ECLI:NL:CRVB:2015:4202

Centrale Raad van Beroep

Datum uitspraak
29 oktober 2015
Publicatiedatum
26 november 2015
Zaaknummer
14/2143 TW
Instantie
Centrale Raad van Beroep
Type
Uitspraak
Rechtsgebied
Bestuursrecht; Socialezekerheidsrecht
Procedures
  • Hoger beroep
Vindplaatsen
  • Rechtspraak.nl
AI samenvatting door LexboostAutomatisch gegenereerd

Herziening en terugvordering van toeslag met betrekking tot boete opgelegd door het Uwv

In deze zaak gaat het om een hoger beroep tegen de uitspraak van de rechtbank Oost-Brabant, waarbij de appellant, die sinds 26 januari 2004 een uitkering op grond van de Wet op de arbeidsongeschiktheidsverzekering (WAO) ontvangt, in beroep ging tegen besluiten van het Uitvoeringsinstituut werknemersverzekeringen (Uwv).

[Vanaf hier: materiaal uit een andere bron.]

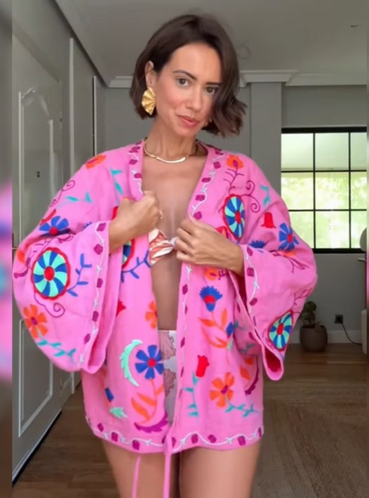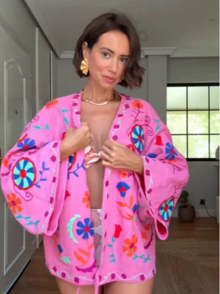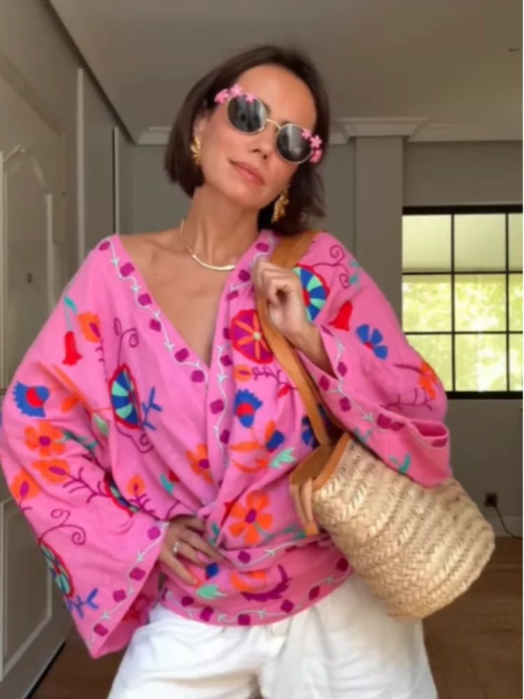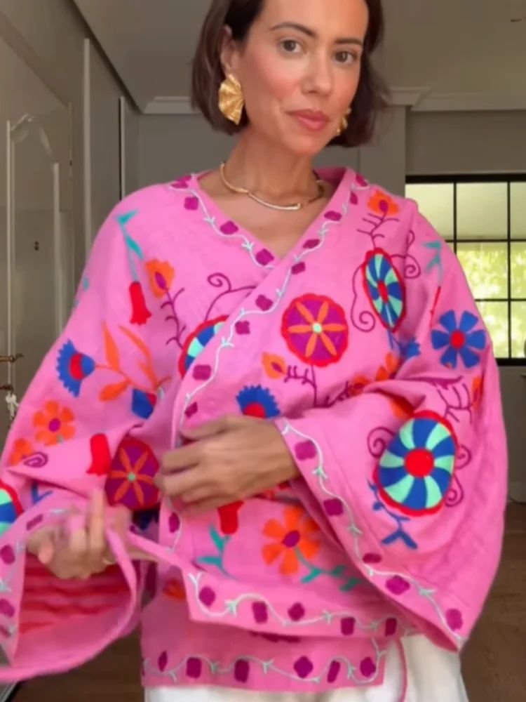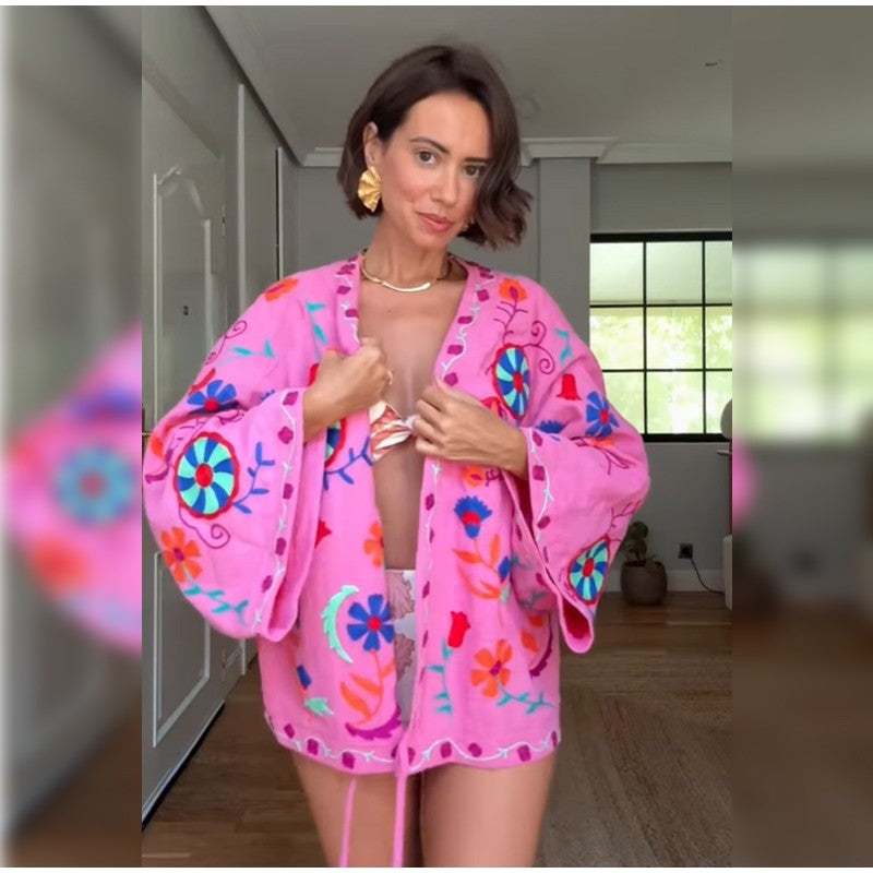 Pink Embroidery Cotton Linen Short Coat Woman Casual Lace Up Long Sleeves V Neck Jacket New Autumn Lady Street Printed Outerwear
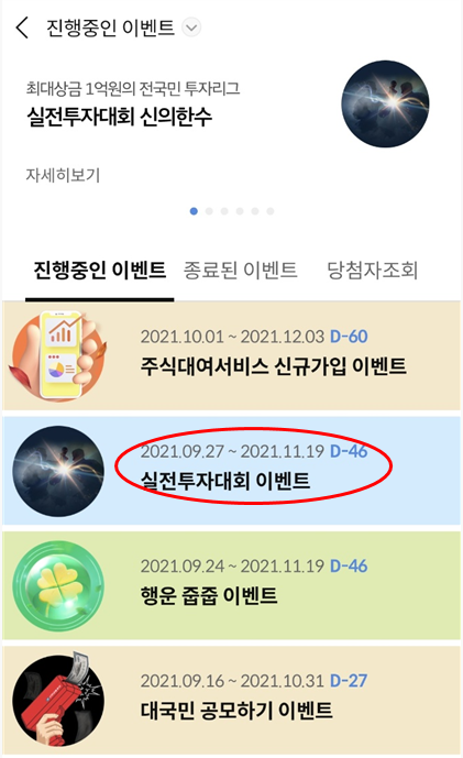 두번째로 보이는 진행중인 이벤트, 실전투자대회를 클릭해주세요.

De appellant had een aanvraag ingediend voor een toeslag op grond van de Toeslagenwet, welke hem was toegekend. Echter, hij had niet gemeld dat hij ook een uitkering ontving uit een WAO-hiaatverzekering. Dit leidde tot een herziening van de toeslag en een terugvordering van een bedrag van € 3.872,48, alsook tot een boete van € 360,- wegens het niet doorgeven van deze informatie.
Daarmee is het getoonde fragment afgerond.